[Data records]
━━━━━━━━━━━━━━━━━━━━━━━━━━━━━━

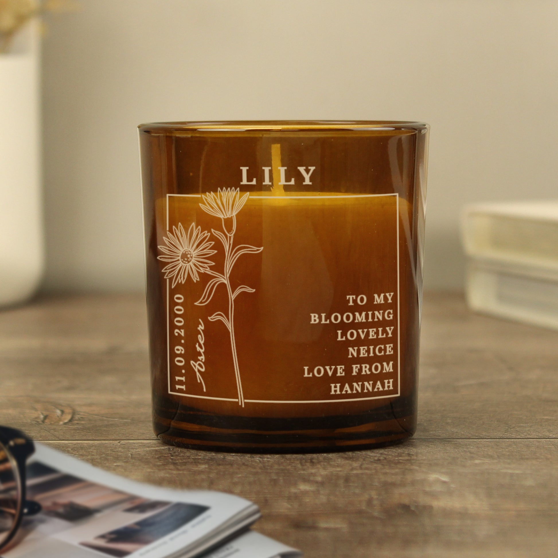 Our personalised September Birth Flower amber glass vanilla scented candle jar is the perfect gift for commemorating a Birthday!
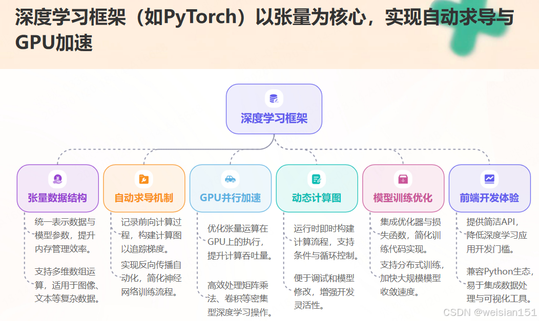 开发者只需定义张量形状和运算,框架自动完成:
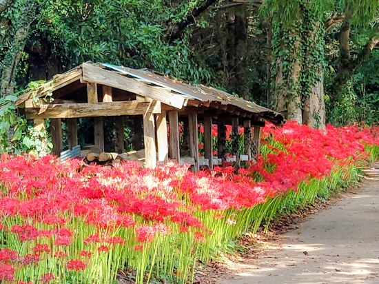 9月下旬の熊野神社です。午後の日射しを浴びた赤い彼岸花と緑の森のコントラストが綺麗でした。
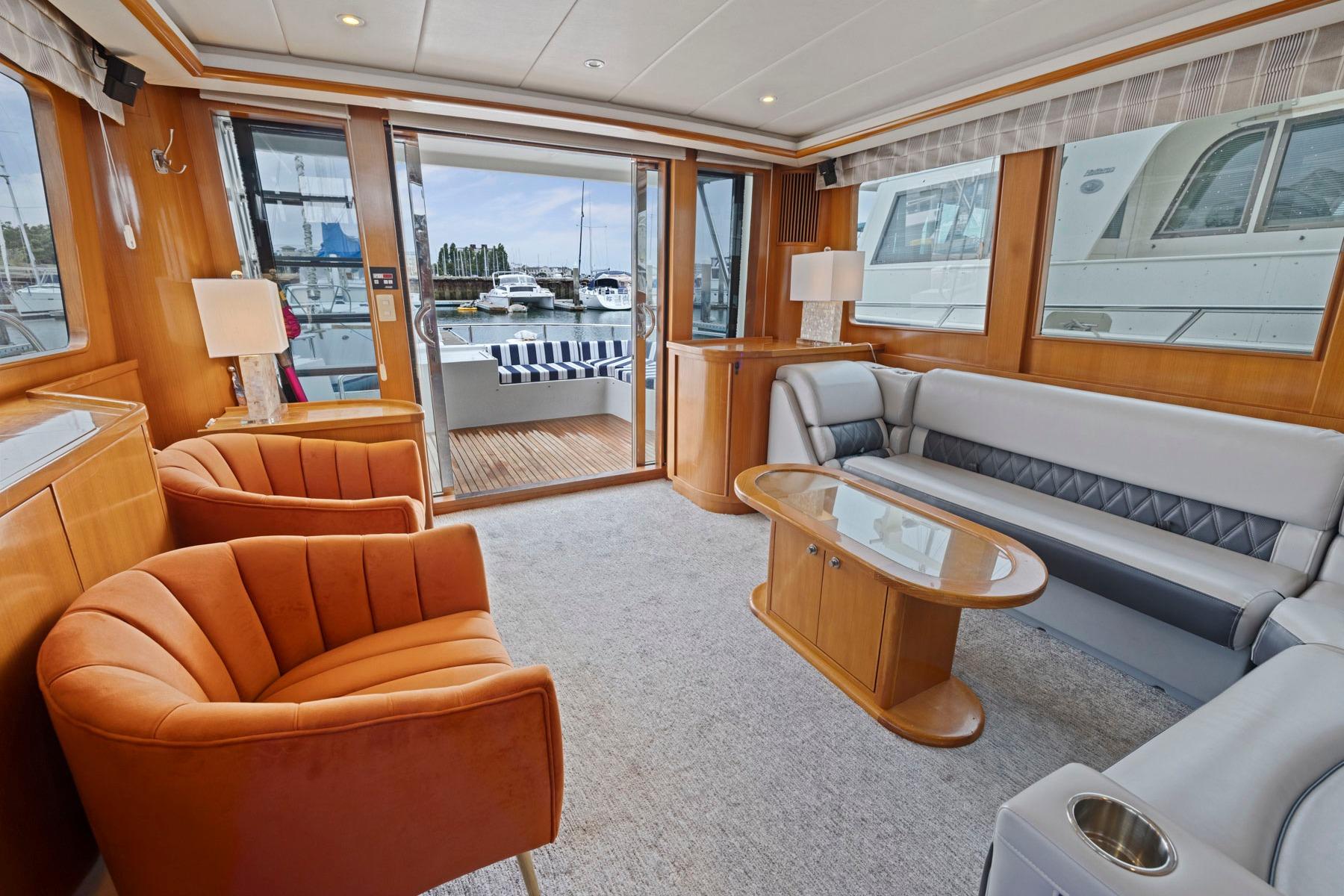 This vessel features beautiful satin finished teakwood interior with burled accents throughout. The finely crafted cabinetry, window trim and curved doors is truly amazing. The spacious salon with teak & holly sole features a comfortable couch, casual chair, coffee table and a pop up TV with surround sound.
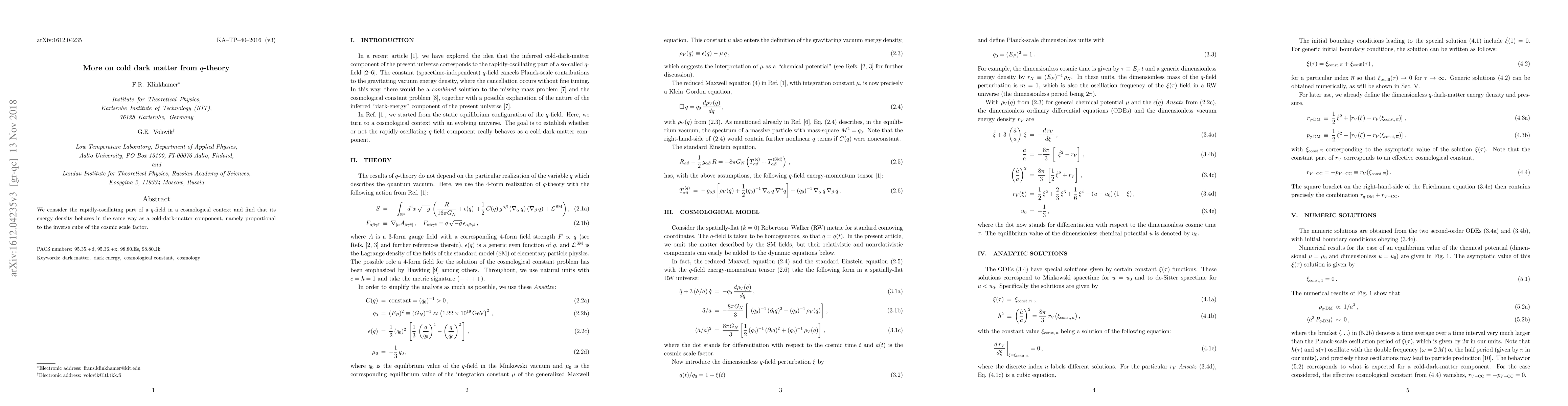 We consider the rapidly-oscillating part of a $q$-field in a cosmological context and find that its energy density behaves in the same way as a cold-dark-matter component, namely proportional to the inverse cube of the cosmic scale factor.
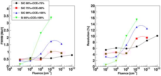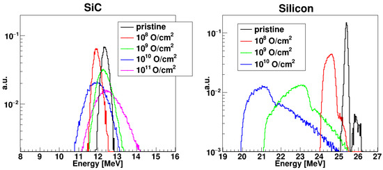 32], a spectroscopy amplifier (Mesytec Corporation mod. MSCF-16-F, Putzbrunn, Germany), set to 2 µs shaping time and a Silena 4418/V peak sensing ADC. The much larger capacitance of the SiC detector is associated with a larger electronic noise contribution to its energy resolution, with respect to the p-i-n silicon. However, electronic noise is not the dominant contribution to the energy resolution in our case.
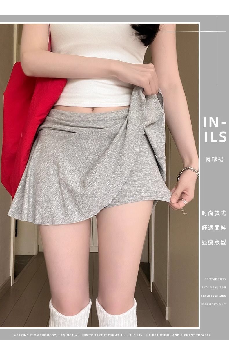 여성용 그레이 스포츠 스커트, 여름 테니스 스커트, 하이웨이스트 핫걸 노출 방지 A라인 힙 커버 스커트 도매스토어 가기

━━━━━━━━━━━━━━━━━━━━━━━━━━━━━━

Exercise aim:
Please give back an exact copy of the entries above from their first line through the line containing "9月下旬の熊野神社です。午後", leaving the pictures aside.

Exercise response:
 Our personalised September Birth Flower amber glass vanilla scented candle jar is the perfect gift for commemorating a Birthday!
 开发者只需定义张量形状和运算,框架自动完成:
 9月下旬の熊野神社です。午後の日射しを浴びた赤い彼岸花と緑の森のコントラストが綺麗でした。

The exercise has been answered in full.